** GIVEN INFORMATION follows **
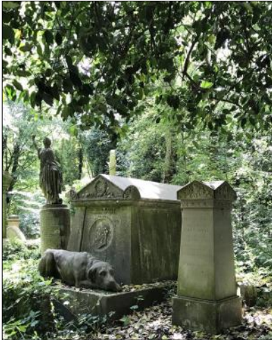
The tomb of Tom Sayers, the Victorian pugilist, guarded by the stone image of his mastiff, Lion, who was chief mourner at his funeral.
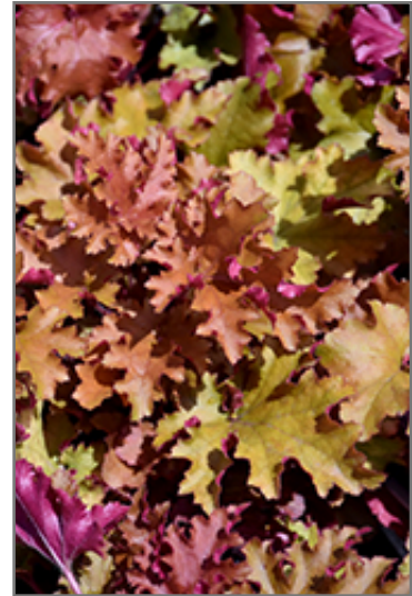
Zipper Coral Bells foliage

Zipper Coral Bells is recommended for the following landscape applications;
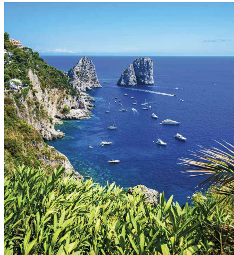
Isle of Capri
** End of GIVEN INFORMATION **
--- INSTRUCTIONS FOR THE TASK ---
Go through the listing above and retype it exactly, skipping every picture.

--- SOLUTION FOR THIS TASK ---
The tomb of Tom Sayers, the Victorian pugilist, guarded by the stone image of his mastiff, Lion, who was chief mourner at his funeral.
Zipper Coral Bells foliage

Zipper Coral Bells is recommended for the following landscape applications;
Isle of Capri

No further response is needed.